> WHAT TO WORK ON: Return the data exactly, without pictures.

> DATA:
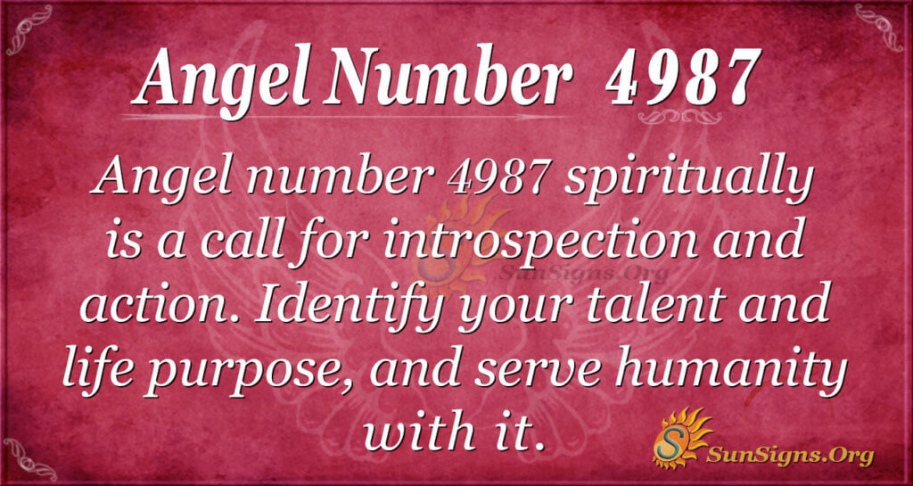 Angel number 4987 spiritually is a call for introspection and action. Look within you, identify your talent and life purpose, and serve humanity with it. This would bring you greater satisfaction than any other physical and monetary pursuit.
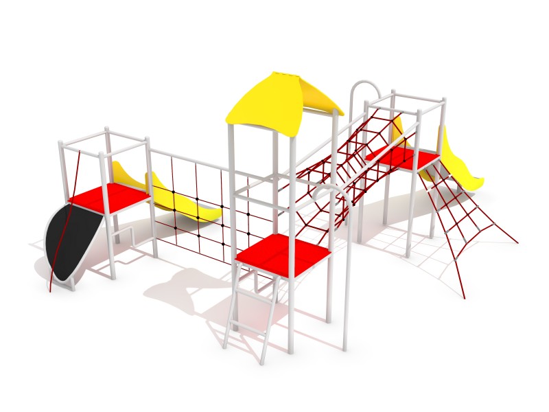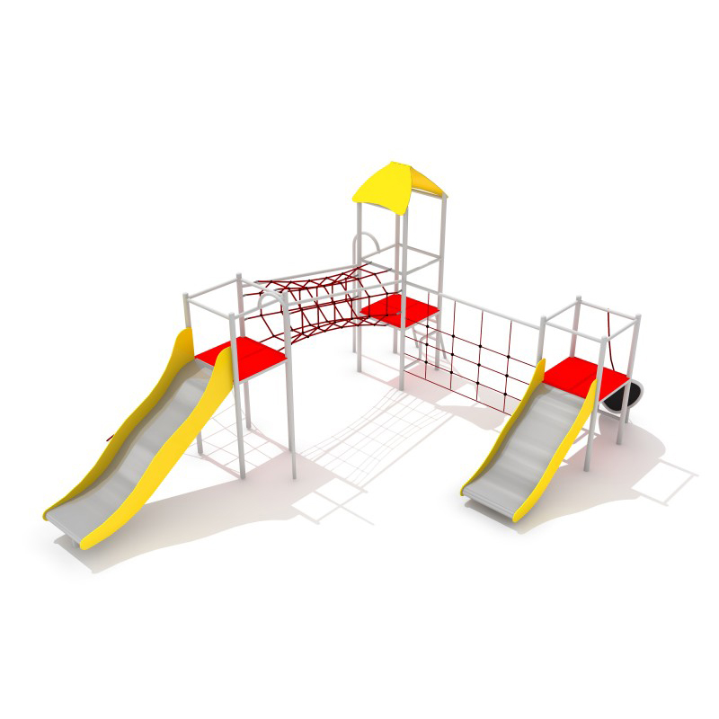 Multifunktionellt klätterset med tre torn, konstruerat av galvaniserade och pulverlackerade stålrör med rundad profil för hög hållbarhet och säkerhet. Plattformarnas golv är täckta av PE-plåt med halkskydd som ger trygg användning även vid intensiv lek. Lekställningen är utrustad med polypropenrep på 16 mm förstärkta med stålkärna. Rutschkanans glidyta är tillverkad av rostfritt stål och sidorna av slitstarkt HDPE-material. Plastslid kan väljas som tillval. Avsedd för barn i åldern 3–15 år.
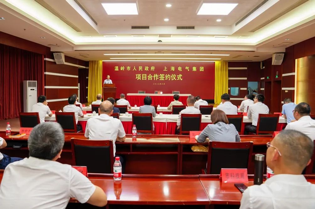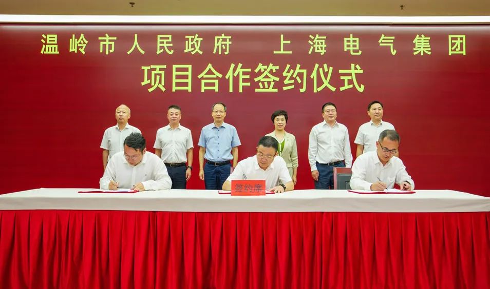 8月20日下午,在台州市委书记李跃旗和上海电气集团党委书记、董事长冷伟青等领导的共同见证下,上海电气与温岭市政府就储能电池项目、低压电机项目以及温岭海上风电开发项目签署一揽子合作协议。

> OUTPUT BELOW:
 Angel number 4987 spiritually is a call for introspection and action. Look within you, identify your talent and life purpose, and serve humanity with it. This would bring you greater satisfaction than any other physical and monetary pursuit.
 Multifunktionellt klätterset med tre torn, konstruerat av galvaniserade och pulverlackerade stålrör med rundad profil för hög hållbarhet och säkerhet. Plattformarnas golv är täckta av PE-plåt med halkskydd som ger trygg användning även vid intensiv lek. Lekställningen är utrustad med polypropenrep på 16 mm förstärkta med stålkärna. Rutschkanans glidyta är tillverkad av rostfritt stål och sidorna av slitstarkt HDPE-material. Plastslid kan väljas som tillval. Avsedd för barn i åldern 3–15 år.
 8月20日下午,在台州市委书记李跃旗和上海电气集团党委书记、董事长冷伟青等领导的共同见证下,上海电气与温岭市政府就储能电池项目、低压电机项目以及温岭海上风电开发项目签署一揽子合作协议。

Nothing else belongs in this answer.